**Assignment**
Please, without any pictures, transcribe the lines from the one holding "Title indicates the" to the end of the listing, both ends included.

**Supplied material**
******************************

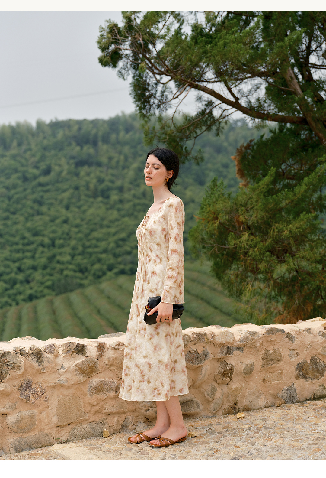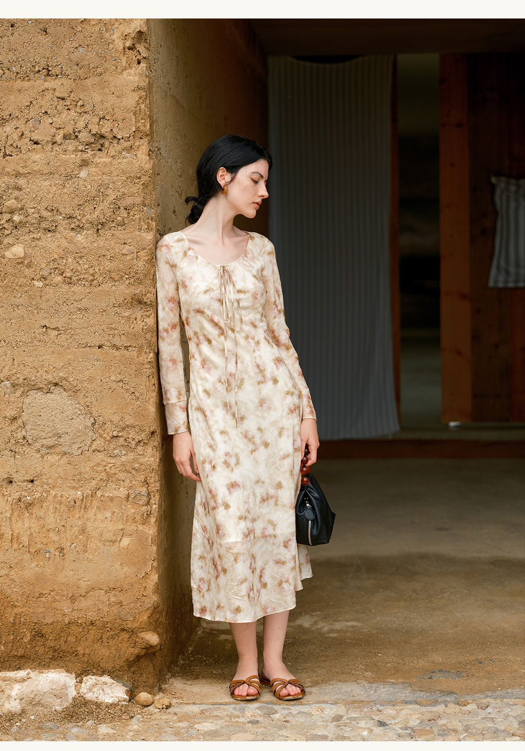 HeyDress晕染印花圆领飘带连衣裙
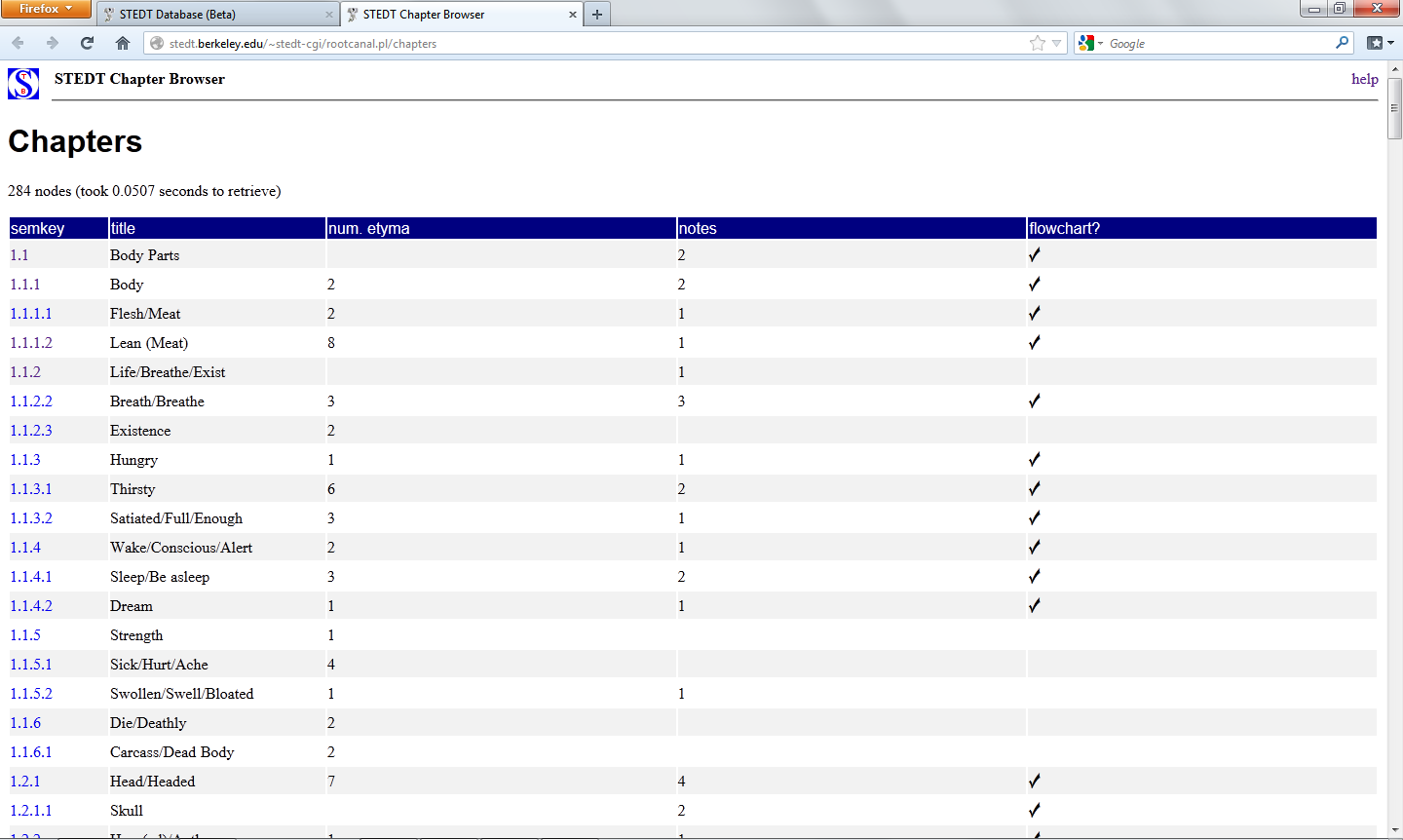 Title indicates the semantic category or subcategory associated with each semkey. Num. etyma gives the number of reconstructed etyma for a semkey. The notes column indicates whether there are etymological notes available for the semkey. If there are etymological notes available, a number indicates how many are available. To view the etymological notes, click on the semkey number at the far left of the page. The flowchart column indicates whether a semantic flowchart is available for the semkey, with a checkmark indicating that a semantic flowchart is available. To view the semantic flowchart, click on the semkey number at the far left of the page.
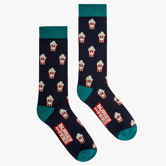 Burger and Fries Pop Corn – Navy Blue / Verde čarape donose
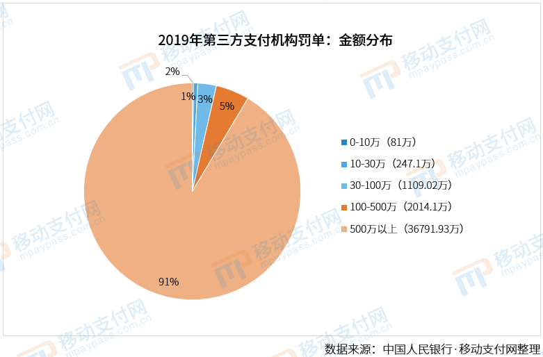 从金额来看,500万以上罚单合计36791.93万元,占总金额91.42%,分别来自12家不同的支付机构。相比之下,2019年的500万以上罚单贡献约占总罚金78%。

******************************

**Written answer**
 Title indicates the semantic category or subcategory associated with each semkey. Num. etyma gives the number of reconstructed etyma for a semkey. The notes column indicates whether there are etymological notes available for the semkey. If there are etymological notes available, a number indicates how many are available. To view the etymological notes, click on the semkey number at the far left of the page. The flowchart column indicates whether a semantic flowchart is available for the semkey, with a checkmark indicating that a semantic flowchart is available. To view the semantic flowchart, click on the semkey number at the far left of the page.
 Burger and Fries Pop Corn – Navy Blue / Verde čarape donose
 从金额来看,500万以上罚单合计36791.93万元,占总金额91.42%,分别来自12家不同的支付机构。相比之下,2019年的500万以上罚单贡献约占总罚金78%。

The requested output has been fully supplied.